Fan et al. 19 found that ascertainment of PAD based on ICD-9-CM codes had 68–85.5% sensitivity and 82.6–87.6% specificity in their Mayo Clinic dataset, but also found low sensitivity (38.7%, 95% CI 27.6–50.6%) when their ascertainment algorithm was applied to the community sample using chart review as the gold standard. Our study, in which the ABI was used as the gold standard for all subjects, confirmed a relatively low sensitivity of 34.7% (95% CI 26.2–44.1%) for ascertaining PAD using administrative data. The better performance of administrative data in the Mayo Clinic subset used in the Fan paper might be explained by differences in clinical practice within and outside the Mayo Clinic, including different rates of use of screening ABI tests, and different PAD prevalence within and outside the Mayo Clinic. However, both our data and the data from Fan et al. support that administrative data are an insensitive approach to ascertain PAD in the community.
Limitations
Our study has limitations. The inclusion of the participants in the study was not random, but they were consecutively sampled. Also, a large portion of our participants were referred for a coronary angiogram, and so it is possible our sample differs from the community population due to referral bias. However, since the prevalence of PAD we found in our sample is similar to that expected based on demographic and comorbidity data, we believe our sample likely does accurately reflect our community. Moreover, it is likely that any bias in our sample would be towards having more cases of PAD, rather than less, and so the low sensitivity for ICD codes for ascertaining PAD in our sample would likely also be seen in a true population-based sample. Also, some selection bias may have existed, as patients who had a prior lower extremity amputation were excluded from the EpiPAD dataset. We were unable to include patients with non-compressible vessels in our PAD definition as we did not have data on the toe–brachial index, which may underestimate the accuracy of the coding. It is possible that some values of ABI could possibly have been measured after remote lower extremity revascularization outside Alberta, which might result in some misclassification bias. In addition, our study evaluated data from the province of Alberta, which has a single-payer universal healthcare system, and our findings may not be completely generalizable to other regions with different healthcare providers.
Strengths
Our study also has several strengths. First, we used the ABI to ascertain PAD in all subjects. To our knowledge, this is the first study to use the ABI to validate diagnostic accuracy of administrative data using subjects not recruited from a vascular laboratory. In addition, not only did we investigate the validity of each proposed diagnostic code, but we also utilized multivariate logistic regression to create an algorithm from the administrative dataset to improve diagnostic accuracy. In addition, we also explored the reference standard of ABI < 1.0, which enabled us to achieve the highest PPV of 65%. We also examined the CLI standard of ABI < 0.4 to explore if there is a difference for sensitivity and specificity of the coding in subjects with more severe forms of PAD. However, the validity was still low.

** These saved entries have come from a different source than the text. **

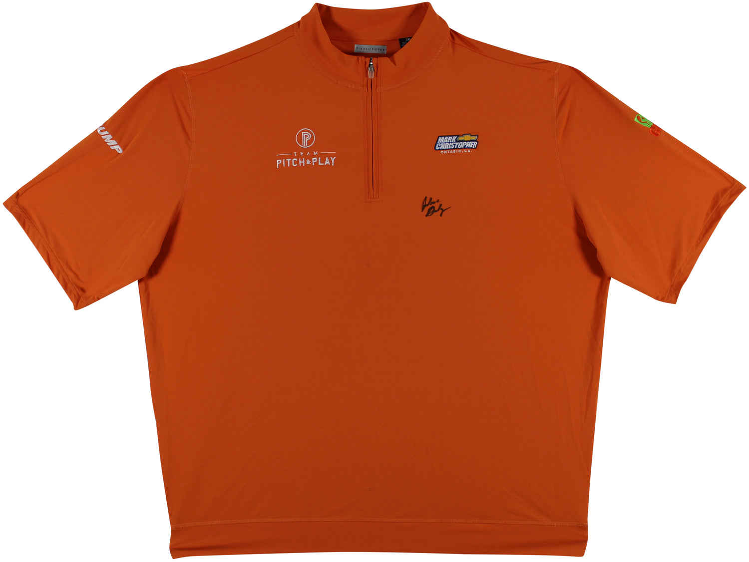 Own a piece of golf history with this Autographed Match-Worn Orange Team Pitch & Play Mark Christopher Chevy Folds of Honor Quarter Zip Shirt, personally signed by legendary golfer John Daly. This exceptional collectible isn't just a display piece—it's a match-worn item from Daly's personal collection, offering a rare opportunity for fans and collectors alike.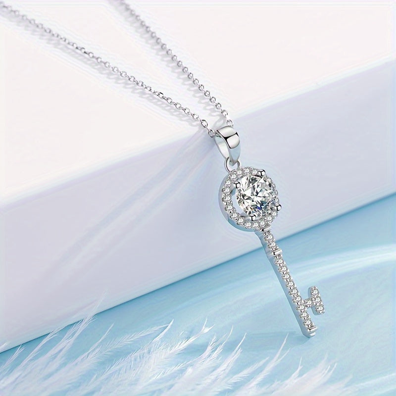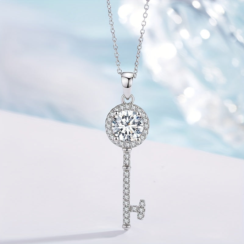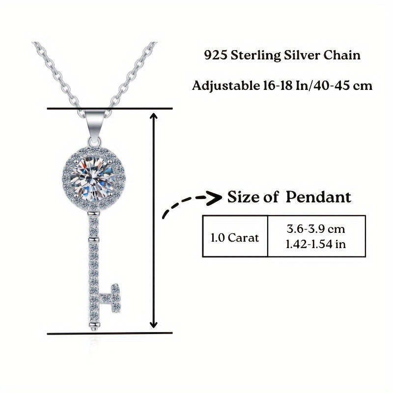 Elegante Frauen Halskette aus 925 Sterlingsilber mit einem Anhänger der Trottelkette, der mit einem plattierten Moissan -Schlüssel geschmückt ist. Der funkelnde Moissanit verleiht diesem stilvollen Accessoire einen Hauch von Luxus.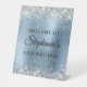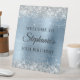 Créez votre propre 50e anniversaire fête fêter bienvenue guéridon pour votre ami. L'arrière - plan dispose d'une parties scintillant en argent brillant avec un art numérique en fausse feuille bleu clair. Tous les éclat, parties scintillant et brillance sont créés avec des éléments numériques qui s'impriment comme une photo.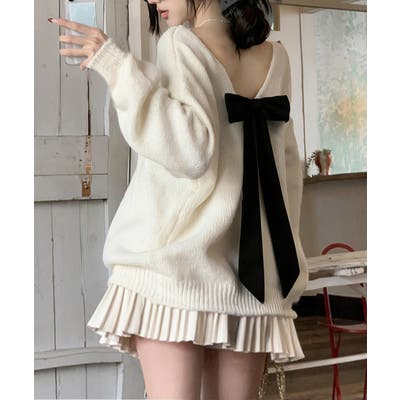 バックオープンリボンニットトップス韓国風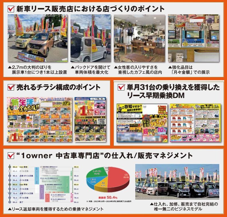 順調に販売台数を伸ばし、2024年には熊本市北区にリース返却車両を活用したワンオーナー中古車専門店を出店。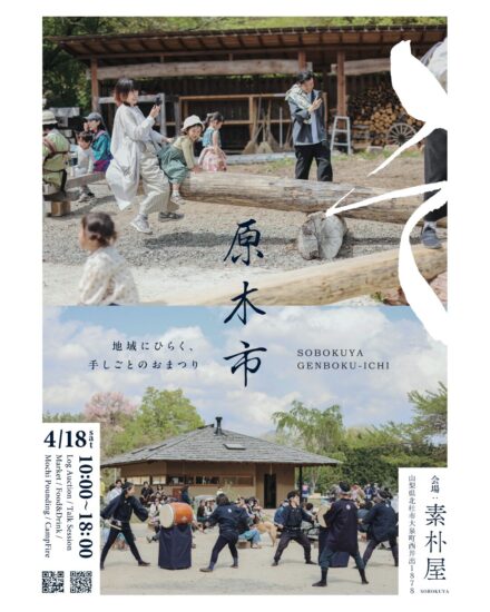 そんな素朴屋が1年に1度だけ感謝祭として行うお祭り「原木市」が今年も開催! 「つくることは、暮らすこと。」というキャッチコピーのもと、家を建てることだけでなく、食べること、語ること、選ぶこと、育てること。それらが私たちの“暮らしをつくる”営みであるという想いから、さまざまな「つくる」と「暮らす」を持ち寄るイベントとなっています。

The case definition achieving the best result was age ⩾ 70 plus at least one of ICD 443.9, I73.9, I79.2 or any procedure code (sensitivity 33.3%, specificity 98.8% and PPV 10%, NPV 99.7%, LR+ 26.9, LR− 0.675). Since our data come from Alberta, with a single-payer universal healthcare system, our findings may be generalizable to those regions with similar healthcare systems.
Conclusion
In conclusion, administrative data are specific but not sensitive for the ascertainment of PAD when compared to ABI ⩽ 0.90, suggesting that PAD is under-diagnosed in the community and that administrative data cannot be used reliably to identify all forms of PAD in the community. While restrictive case definitions can increase PPV to more accurately identify true cases, this approach is very insensitive.
Footnotes
Declaration of conflicting interests
The authors declared no potential conflicts of interest with respect to the research, authorship, and/or publication of this article.
Funding
The authors disclosed receipt of the following financial support for the research, authorship, and/or publication of this article: MS McMurtry is funded by Heart and Stroke Foundation of Canada.